There is not much there to clutter in this case. Therefore cluttering
does not have a significant drawback. Is it just about aesthetics?

>
>>> I'd much rather have a simpler standard library than a complicated
>>> one for the
>>> sake of a little convenience.
>>>
>>
>> 'min' is not complicated.
>
> It's more complicated than it could/should be:
>
> T min(T)(T x, T y) { return x < y ? x : y; }
>

This implementation is unstable. If you fix that, then I'll agree that
it is sufficient for most cases. There is not really a reason to
restrict the generality of the implementation to this though. What we
have is a strict superset.

> To be honest, I don't think the variadic argument versions are necessary
> either as it is just duplicating the functionality of reduce.
>

It is not really duplicating the functionality. Still, I haven't used
these versions so far either.
June 07, 2012
On 06/07/12 22:46, Dmitry Olshansky wrote:
> 2) Immutable strings have performance cost ... like tracking ownership and reference counting - unless you have GC by your side, in which case it's cheap and legal :)

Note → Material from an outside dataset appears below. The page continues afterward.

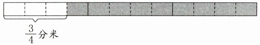 1.如图,把一条彩带每$\frac{3}{4}$分米剪一段,可以剪成多少段?下面列式正确的是( )。

Until you have enough of them and your program starts to spend most of its time trying to GC them. [1]

artur

[1[ OK, so you might need 13M+ strings totalling 450M+. Still.. ;)
June 07, 2012
On 6/7/12 3:04 PM, Timon Gehr wrote:
> On 06/07/2012 08:34 PM, Peter Alexander wrote:
>>
>> I find this very ugly. To be honest, I would be much happier without all
>> that mostNegative and common type stuff.
>> If I want to get the min
>> between a short and an int I'll just cast them appropriately.
>
> The mostNegative and common type stuff is there to enable correct
> semantics for taking the minimum of signed and unsigned values. Minimum
> of short and int would work fine without that.
>
>> I'd much rather have a simpler standard library than a complicated one
>> for the
>> sake of a little convenience.
>>
>
> 'min' is not complicated.

I agree. BTW Howard Hinnant's proposal N2199 (http://www.open-std.org/jtc1/sc22/wg21/docs/papers/2007/n2199.html) introduces correct C++ min/max functions that take 175 lines and introduce 10 types and 12 specializations. (Proposal was rejected.) The power of min/max is about on a par with D's.

Andrei
June 07, 2012
On Thursday, 7 June 2012 at 21:22:57 UTC, Timon Gehr wrote:
> There is not much there to clutter in this case. Therefore cluttering
> does not have a significant drawback. Is it just about aesthetics?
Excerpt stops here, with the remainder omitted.